Revisiting the GameCube: A Personal Journey

My favorite console growing up was the Nintendo GameCube. I loved it so much that I carried that purple entertainment machine on its handle every weekend to my grandmother’s house in the Bronx. I loved it so much that even before my father bought me a GameCube for my birthday in 2001, I started saving every scrap of money that I came upon so that I could purchase a memory card (49 blocks of memory! Thanks Nintendo!), a game, Super Smash Bros. Melee (an excellent choice), and a carrying case. I bought the carrying case knowing that this machine and I were going places.

That was 2001, a weird year for an immigrant in the U.S. who happened to look Arabic. Let’s just say that I had a tough time. Luckily, the purple cube offered distractions that year in the form of Pikmin, Wave Race: Blue Storm, Luigi’s Mansion, Super Monkey Ball, and the aforementioned Melee.  I had fun that fall and winter. Looking back at the console’s lifespan from (September 2001 to 2007), I understand why so many people have such fondness for it, but I am also disturbed by how expensive it has become to buy games for it on the retro market. The GameCube sold less than its predecessors and the competition. Today demand for its games on the retro market is high leading to ridiculous prices—supply and demand 101. Nostalgia has people chasing GameCube games.

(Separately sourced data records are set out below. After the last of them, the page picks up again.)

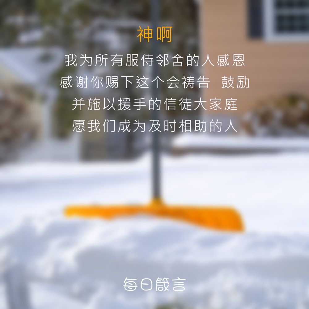 神啊,我为所有服侍邻舍的人感恩。感谢你赐下这个会祷告、鼓励,并施以援手的信徒大家庭。愿我们成为及时相助的人。阿们。
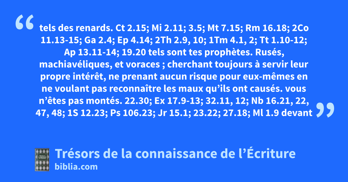 tels des renards. Ct 2.15; Mi 2.11; 3.5; Mt 7.15; Rm 16.18; 2Co 11.13-15; Ga 2.4; Ep 4.14; 2Th 2.9, 10; 1Tm 4.1, 2; Tt 1.10-12; Ap 13.11-14; 19.20 tels sont tes prophètes. Rusés, machiavéliques, et voraces ; cherchant toujours à servir leur propre intérêt, ne prenant aucun risque pour eux-mêmes en ne voulant pas reconnaître les maux qu’ils ont causés.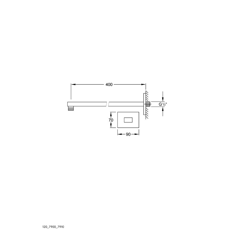 Brausearm zur Wandmontage mit verstärkter Wandhalterung, Rosette: 70 x 90 mm, Gewinde 1/2"
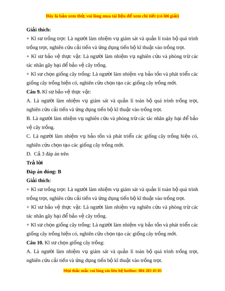 Đây là bản xem th , vu ử i lòng mua tài li u ệ đ xe ể m chi ti t (c ế ó l i ờ gi i ả ) Giải thích: + Kĩ sư tr ng ồ tr t ọ : Là ngư i ờ làm nhi m ệ v ụ giám sát và qu n ả lí toàn b ộ quá trình trồng tr t ọ , nghiên c u ứ c i ả ti n và ế ng d ứ ng ụ ti n ế b kĩ ộ thu t ậ vào tr ng t ồ r t ọ . + Kĩ sư b o ả vệ th c ự v t ậ : Là ngư i ờ làm nhi m ệ vụ nghiên c u ứ và phòng tr ừ các tác nhân gây h i ạ đ b ể o ả v cây t ệ r ng. ồ + Kĩ sư ch n ọ gi ng ố cây tr ng: ồ Là ngư i ờ làm nhi m ệ v ụ b o ả t n ồ và phát tri n ể các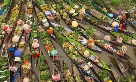 ▼在泰國(guó),菜市場(chǎng)不在地上而在水中,各種新鮮的水果和蔬菜被放在一條條狹窄瘦長(zhǎng)的小木船上進(jìn)行售賣。顧客買東西很有意思:要從這條船上跨到另外一條船上。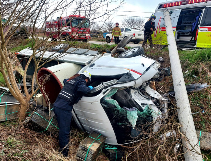[익산=뉴시스]강경호 기자 = 13일 오후 3시3분께 전북 익산시의 한 골프연습장 인근 도로에서 1t 트럭이 전봇대를 들이받았다.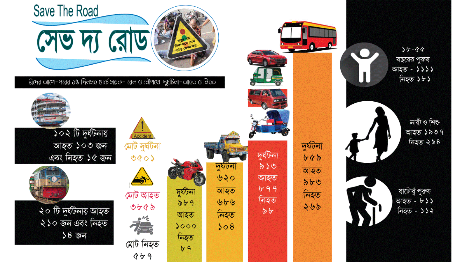 ঈদের আগে-পরের ১৫ দিনে ৩৫৮ সহ মার্চে সড়ক-রেল ও নৌপথে ঝরেছে ৫৮৭ জনের প্রাণ। গবেষণা-সচেতনা ও স্বেচ্ছাসেবি সংগঠন সেভ দ্য রোড-এর মহাসচিব শান্তা ফারজানা আরো জানান- ১৬ থেকে ৩০ মার্চ পর্যন্ত সড়ক-রেল ও নৌপথে চরম নৈরাজ্য-বিশৃঙ্খলা আর পুালিশ-প্রশাসনের কিছু কর্মকর্তা-কর্মচারির অবহেলায় ছোট-বড় ৩৫০১ টি দুর্ঘটনায় আহত হয়েছেন ৩৮৫৯ জন। সেভ দ্য রোড-এর পক্ষ থেকে আরো জানানো হয়- অদক্ষ ও ক্লান্ত চালকদের দ্বারা পরিচালিত বাস-ট্রাক দুর্ঘটনা অতিতের ঈদের চেয়ে যেমন বেশি ঘটেছে, তেমনি নারী ও শিশু হতাহত ও নিহতর ঘটনাও ঘটেছে বেশি। ১৯৩৭ জন নারী ও শিশু আহত এবং নিহত হয়েছেন ২৯৪ জন। ষাটোর্ধ¦ পুরুষ ৮১১ আহত এবং নিহত হয়েছেন ১১২ জন। ১৮-৫৫ বছর বয়সী পুরুষ ১১১১ আহত এবং নিহত হয়েছেন ১৮১ জন।

I got rid of my GameCube in 2006 to make way for Nintendo’s newest console at the time the Wii. Back then it seemed like a no-brainer since the Wii included backward compatibility. In hindsight, unlike the Wii, the GameCube was a console that I “loved”—weird how we can have such strong emotions for something as frivolous as a video game console. Yet, it is because of this frivolity that I love that purple machine. Its quirky design and whimsical games spoke to the innermost parts of my soul.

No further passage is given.